§ Records from a dataset

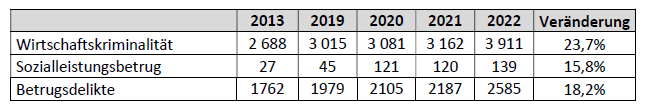 Die Wirtschaftskriminalität ist 2022 angestiegen und weist zugleich den höchsten Wert der letzten zehn Jahre auf. Der Großteil der Fälle entfiel auf Betrugsdelikte.
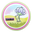 - Diseño: Círculo con siluetas de cielo (nubes), colina ondulada y pasto
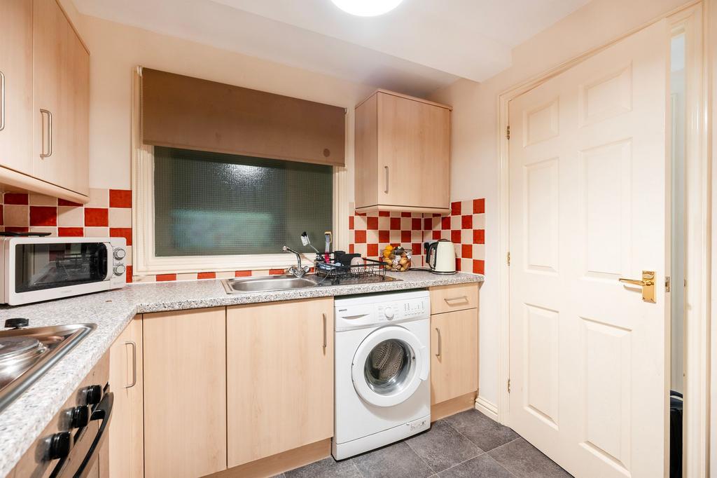 The excellent-sized bedroom, features a pop of red, double bed proportions and built-in storage options to help keep the space organised and clutter-free. Completing the apartment is an up-to-date three-piece bathroom suite, providing convenience and comfort for residents. With modern fixtures and a clean design.
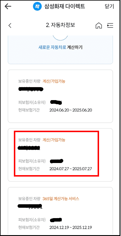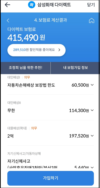 삼성화재 다이렉트 자동차 보험 가입 절차 입니다.
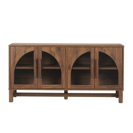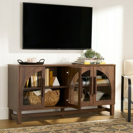 Add a modern touch to your entertainment center with the Better Homes & Gardens Juliet Arc TV Stand in a rich walnut finish. With its arched and tempered glass doors, this TV stand exudes elegance. It features two adjustable shelves, providing ample storage for your media equipment, decor items and memories. Plus, this TV console perfectly blends style and function with built-in wire management holes and dimensions that make it ideal for accommodating flat panel TVs up to 65". Embrace sophistication and versatility with the Juliet Arc TV Stand, also available in a light honey or black finish, and coordinate effortlessly with your existing furniture.
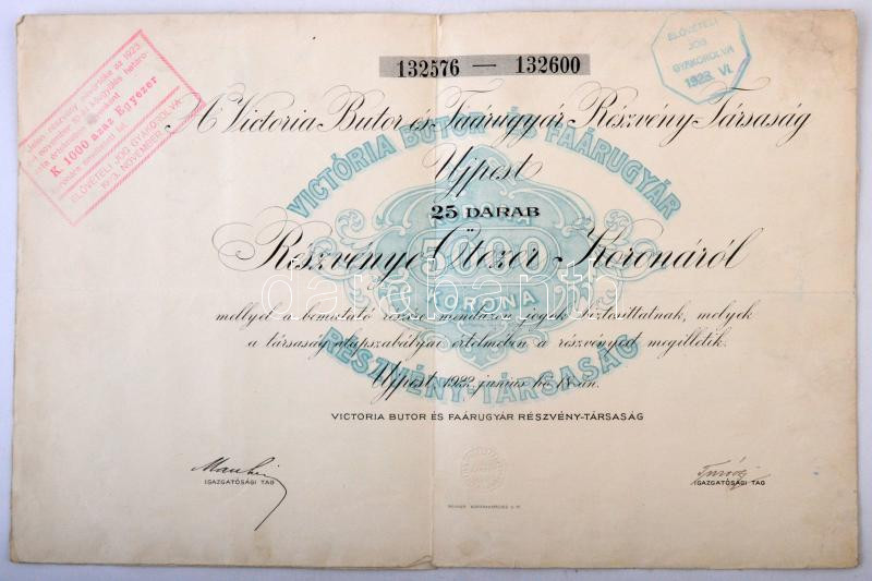 Budapest 1922. "A Victoria Butor és Faárugyár Részvénytársaság Uj... https://www.darabanth.com/en/271-Online-auction/271.0/Numismatics/Shares-and-Tickets~300005/Budapest-1922-A-Victoria-Butor-es-Faarugyar-Reszvenytarsasag-Ujpest-25db-reszvenye-ossz~II1373139

§ INSTRUCTIONS TO FOLLOW
Leave out the pictures and repeat exactly the lines from the one containing "삼성화재 다이렉트 자동차 보험 가입 절차 입니다." through the last line of the entries.

§ SOLUTION
 삼성화재 다이렉트 자동차 보험 가입 절차 입니다.
 Add a modern touch to your entertainment center with the Better Homes & Gardens Juliet Arc TV Stand in a rich walnut finish. With its arched and tempered glass doors, this TV stand exudes elegance. It features two adjustable shelves, providing ample storage for your media equipment, decor items and memories. Plus, this TV console perfectly blends style and function with built-in wire management holes and dimensions that make it ideal for accommodating flat panel TVs up to 65". Embrace sophistication and versatility with the Juliet Arc TV Stand, also available in a light honey or black finish, and coordinate effortlessly with your existing furniture.
 Budapest 1922. "A Victoria Butor és Faárugyár Részvénytársaság Uj... https://www.darabanth.com/en/271-Online-auction/271.0/Numismatics/Shares-and-Tickets~300005/Budapest-1922-A-Victoria-Butor-es-Faarugyar-Reszvenytarsasag-Ujpest-25db-reszvenye-ossz~II1373139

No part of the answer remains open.